#### GIVEN MATERIAL:

· · · ·

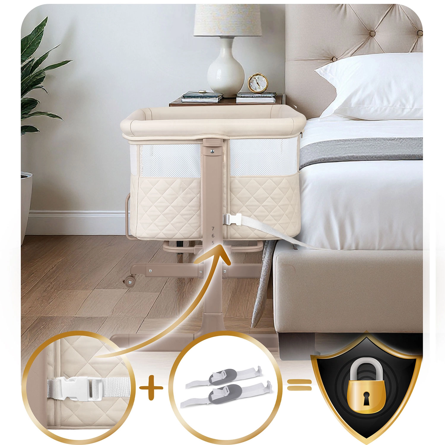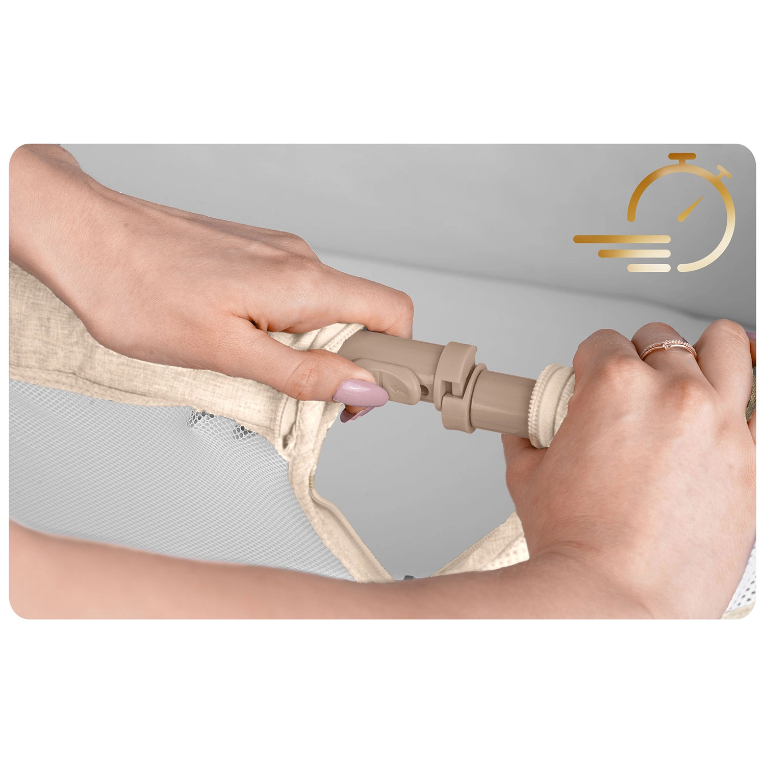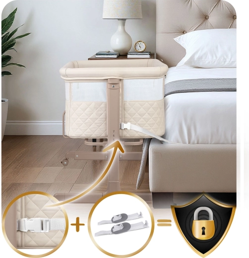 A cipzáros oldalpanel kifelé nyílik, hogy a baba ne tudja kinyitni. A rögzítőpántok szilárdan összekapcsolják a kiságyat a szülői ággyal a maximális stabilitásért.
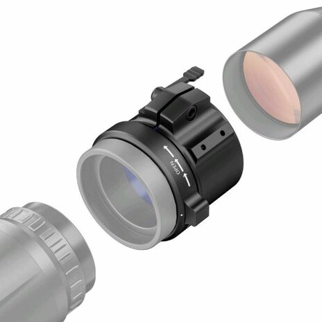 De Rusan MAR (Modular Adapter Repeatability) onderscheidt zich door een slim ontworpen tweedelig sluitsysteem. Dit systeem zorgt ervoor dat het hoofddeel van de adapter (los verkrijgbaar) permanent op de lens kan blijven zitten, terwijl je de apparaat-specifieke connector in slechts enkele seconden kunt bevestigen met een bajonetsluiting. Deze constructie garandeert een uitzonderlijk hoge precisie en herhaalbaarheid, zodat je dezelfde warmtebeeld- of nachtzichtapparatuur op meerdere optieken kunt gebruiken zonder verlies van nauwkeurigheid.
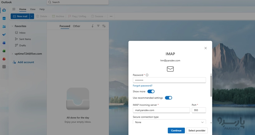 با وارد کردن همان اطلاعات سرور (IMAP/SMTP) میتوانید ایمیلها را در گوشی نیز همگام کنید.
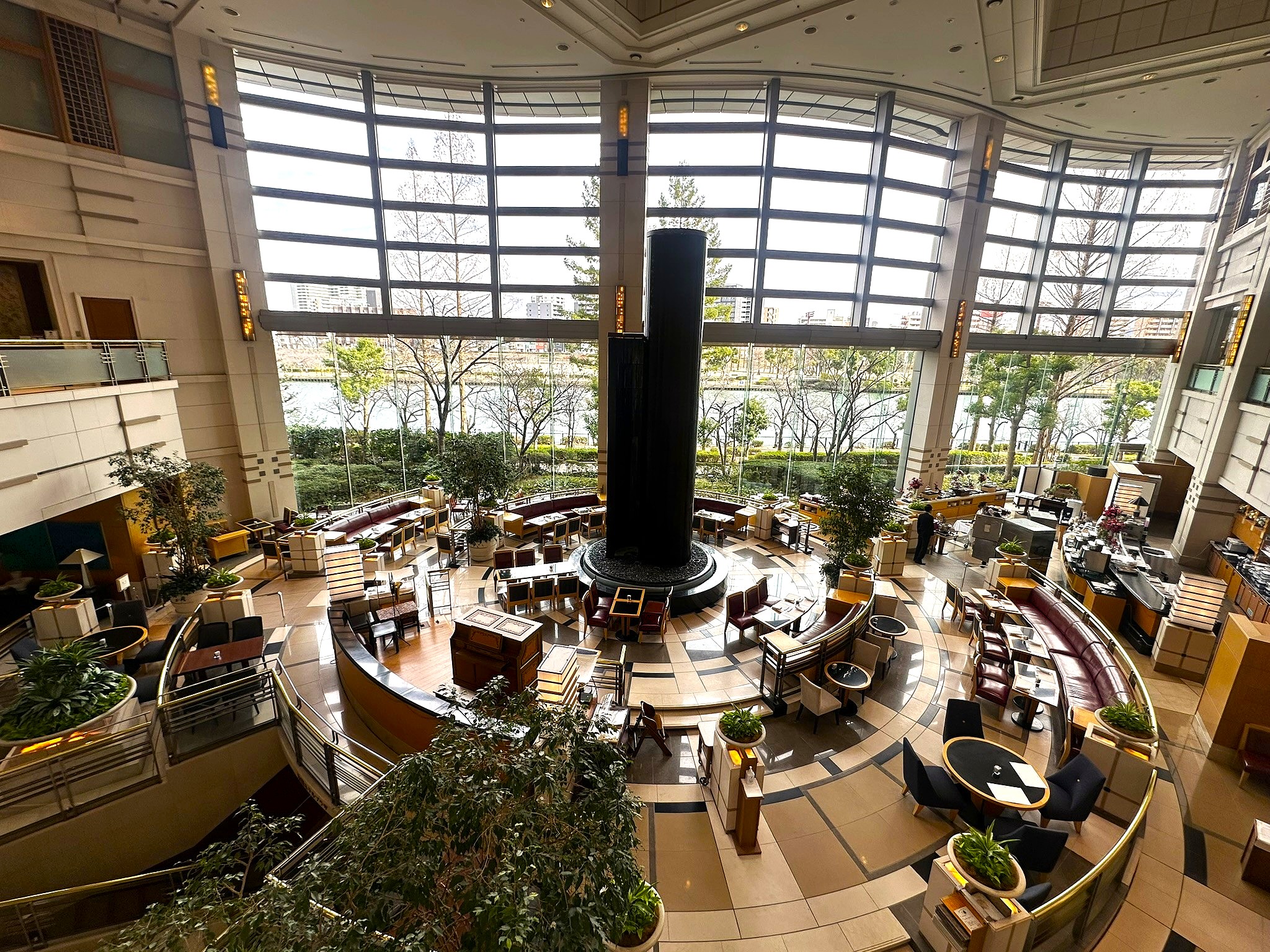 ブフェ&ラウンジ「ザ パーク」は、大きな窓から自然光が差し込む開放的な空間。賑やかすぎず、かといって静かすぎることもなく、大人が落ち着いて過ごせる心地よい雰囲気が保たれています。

· · · ·

#### DESCRIPTION OF THE TASK:
Word for word, reproduce all of the data, but keep out the pictures.

#### RESPONSE:
 A cipzáros oldalpanel kifelé nyílik, hogy a baba ne tudja kinyitni. A rögzítőpántok szilárdan összekapcsolják a kiságyat a szülői ággyal a maximális stabilitásért.
 De Rusan MAR (Modular Adapter Repeatability) onderscheidt zich door een slim ontworpen tweedelig sluitsysteem. Dit systeem zorgt ervoor dat het hoofddeel van de adapter (los verkrijgbaar) permanent op de lens kan blijven zitten, terwijl je de apparaat-specifieke connector in slechts enkele seconden kunt bevestigen met een bajonetsluiting. Deze constructie garandeert een uitzonderlijk hoge precisie en herhaalbaarheid, zodat je dezelfde warmtebeeld- of nachtzichtapparatuur op meerdere optieken kunt gebruiken zonder verlies van nauwkeurigheid.
 با وارد کردن همان اطلاعات سرور (IMAP/SMTP) میتوانید ایمیلها را در گوشی نیز همگام کنید.
 ブフェ&ラウンジ「ザ パーク」は、大きな窓から自然光が差し込む開放的な空間。賑やかすぎず、かといって静かすぎることもなく、大人が落ち着いて過ごせる心地よい雰囲気が保たれています。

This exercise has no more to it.